*** Opening ENTRIES SHOWN ***

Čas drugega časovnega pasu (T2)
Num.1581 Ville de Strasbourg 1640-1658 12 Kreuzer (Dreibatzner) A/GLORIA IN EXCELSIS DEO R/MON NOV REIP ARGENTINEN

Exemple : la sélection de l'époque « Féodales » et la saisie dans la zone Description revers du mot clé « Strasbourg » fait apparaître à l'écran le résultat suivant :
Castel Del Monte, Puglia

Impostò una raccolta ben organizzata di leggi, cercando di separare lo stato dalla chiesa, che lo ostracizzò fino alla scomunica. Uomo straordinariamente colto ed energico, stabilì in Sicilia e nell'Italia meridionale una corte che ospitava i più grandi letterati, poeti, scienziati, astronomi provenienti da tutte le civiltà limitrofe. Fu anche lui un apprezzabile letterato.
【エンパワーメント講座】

*** Closing ENTRIES SHOWN ***
*** Opening ENTRIES SHOWN ***

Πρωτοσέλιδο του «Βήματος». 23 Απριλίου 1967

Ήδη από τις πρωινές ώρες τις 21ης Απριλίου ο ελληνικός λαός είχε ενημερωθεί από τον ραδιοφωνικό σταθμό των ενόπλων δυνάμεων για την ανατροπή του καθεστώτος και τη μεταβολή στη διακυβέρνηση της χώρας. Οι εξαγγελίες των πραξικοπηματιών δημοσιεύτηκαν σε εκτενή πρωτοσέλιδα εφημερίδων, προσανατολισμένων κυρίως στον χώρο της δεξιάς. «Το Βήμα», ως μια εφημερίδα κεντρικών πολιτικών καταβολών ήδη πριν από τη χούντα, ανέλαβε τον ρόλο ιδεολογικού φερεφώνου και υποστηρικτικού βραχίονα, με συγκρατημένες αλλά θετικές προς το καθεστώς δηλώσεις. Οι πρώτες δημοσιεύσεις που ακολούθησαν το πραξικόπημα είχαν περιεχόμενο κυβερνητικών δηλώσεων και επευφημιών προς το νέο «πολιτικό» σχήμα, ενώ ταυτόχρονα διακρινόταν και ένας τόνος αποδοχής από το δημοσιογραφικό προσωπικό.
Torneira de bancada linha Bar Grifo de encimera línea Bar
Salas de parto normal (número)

*** Closing ENTRIES SHOWN ***

EXERCISE INSTRUCTIONS: Taking the records above as input, show every line in which the word "Απριλίου" is present.

WRITTEN SOLUTION:
Πρωτοσέλιδο του «Βήματος». 23 Απριλίου 1967
Ήδη από τις πρωινές ώρες τις 21ης Απριλίου ο ελληνικός λαός είχε ενημερωθεί από τον ραδιοφωνικό σταθμό των ενόπλων δυνάμεων για την ανατροπή του καθεστώτος και τη μεταβολή στη διακυβέρνηση της χώρας. Οι εξαγγελίες των πραξικοπηματιών δημοσιεύτηκαν σε εκτενή πρωτοσέλιδα εφημερίδων, προσανατολισμένων κυρίως στον χώρο της δεξιάς. «Το Βήμα», ως μια εφημερίδα κεντρικών πολιτικών καταβολών ήδη πριν από τη χούντα, ανέλαβε τον ρόλο ιδεολογικού φερεφώνου και υποστηρικτικού βραχίονα, με συγκρατημένες αλλά θετικές προς το καθεστώς δηλώσεις. Οι πρώτες δημοσιεύσεις που ακολούθησαν το πραξικόπημα είχαν περιεχόμενο κυβερνητικών δηλώσεων και επευφημιών προς το νέο «πολιτικό» σχήμα, ενώ ταυτόχρονα διακρινόταν και ένας τόνος αποδοχής από το δημοσιογραφικό προσωπικό.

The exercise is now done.